Tuesday 14 February 2012

I took lax last night. Bulimia is such a pointless disease; I always found it a bit cowardly. I studied the Domino's pizza menu online for about 30 minutes tonight, but managed to resist. The start is always the hardest part of every diet and I feel so incredibly lost tonight. From 2pm today, all I have wanted to do is hide under my bedsheets and cry until I fell asleep. It's controlling me at the moment, teasing me, telling me I'm not ready or strong enough to give in to that wonderful feeling of weight-loss.
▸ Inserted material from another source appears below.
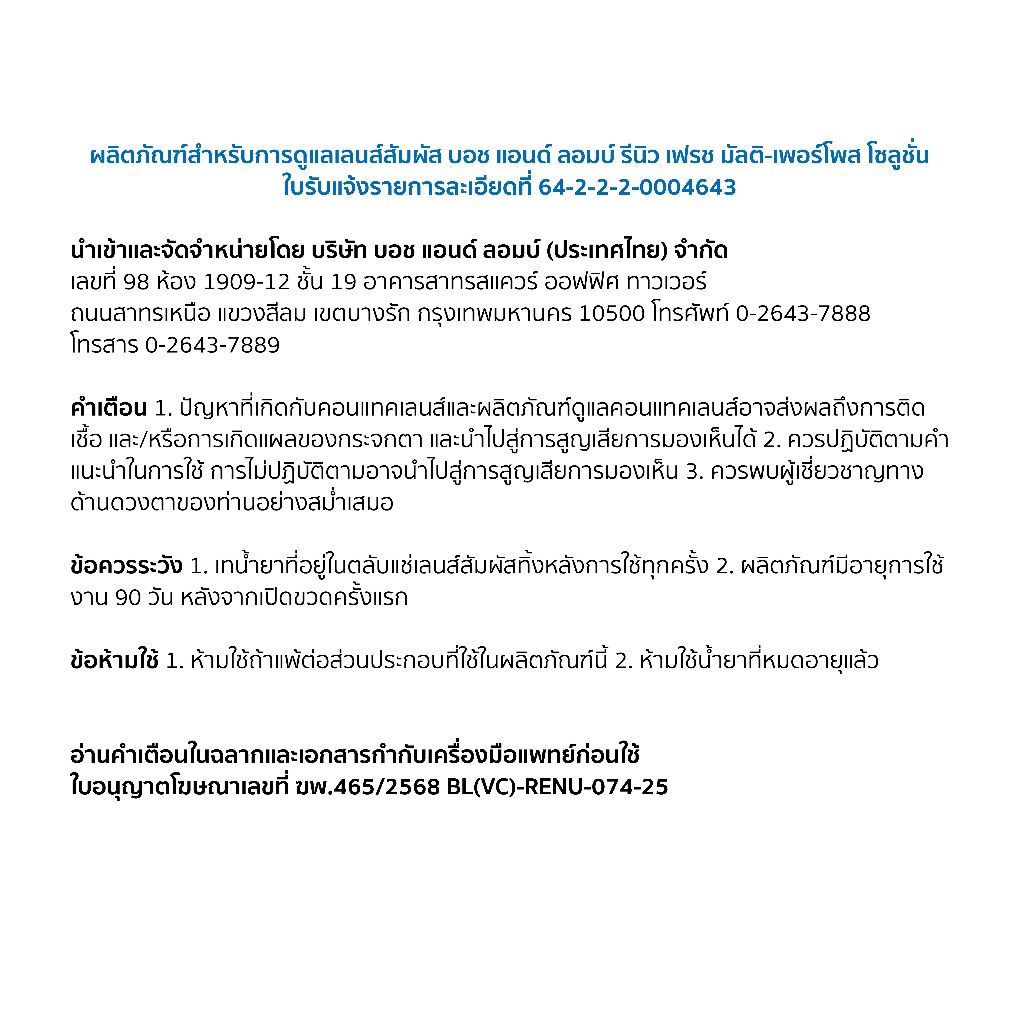 Bausch & Lomb RENU Fresh น้ํายาทําความสะอาดคอนแทคเลนส์ มัลติ-เพอร์โพสโซลูชั่น ขนาด 120 ml.

I'm not sure I am, but, the again, I can't go back to how things were. I can't be 150+lbs. I cannot be a beached whale. I cannot.

Thursday 9 February 2012

I'm still trying, but not in a totally committed way.

Today:
2 slices of toast with butter;
2 packets of crisp;
1 jacket potato with beans;
1 energy drink.

1500 calories. I'm getting better!! Saturday is going to be a complete write-off though ick.

Wednesday 8 February 2012

Today:
1 bacon sandwich (no butter)
1 energy drink
2 packets of crisps
1 jacket potato with beans
1 Coke.

That's what - 1800 calories? Better than what I have been doing I guess. I think I need to cut down gradually. Carbs and sugar in particular. I can do this. I'm too scared to look at my scales still though.

Tuesday 7 February 2012

It's been nearly a year... I think I'm back

I can't do it the normal way anymore. I've been trying for a year to be normal. I eat what I want. I exercise when I want. The result is that I'm now a slob. I am nearly at the overweight mark, I can feel it. At my lowest ever weight I was around 105lbs. It was pretty nice, but not quite enough on my legs. My 'easy' weight was between 113 and 117lbs. If I reached 119lbs I knew I would have to work a bit harder the next day. I was very happy with this lifestyle. Choosing what to wear in the morning wasn't a problem as most things looked pretty okay on me.

Now:
I wake up in the morning and feel my belly, soft and round; I walk to the bathroom and feel the first itch of the day as my thighs rub together; the weighing scales are propped up against the sink and we try to avoid eye contact whilst I brush my teeth; I am always late for work as none of my clothes fit and I am too proud to buy larger clothes. I think I'm about 150lbs. Maybe more. It's around that mark, anyway. I have never in my entire life been this heavy. I have never had a belly or inner thighs that rub to the extent of irritation. I have never felt this unattractive.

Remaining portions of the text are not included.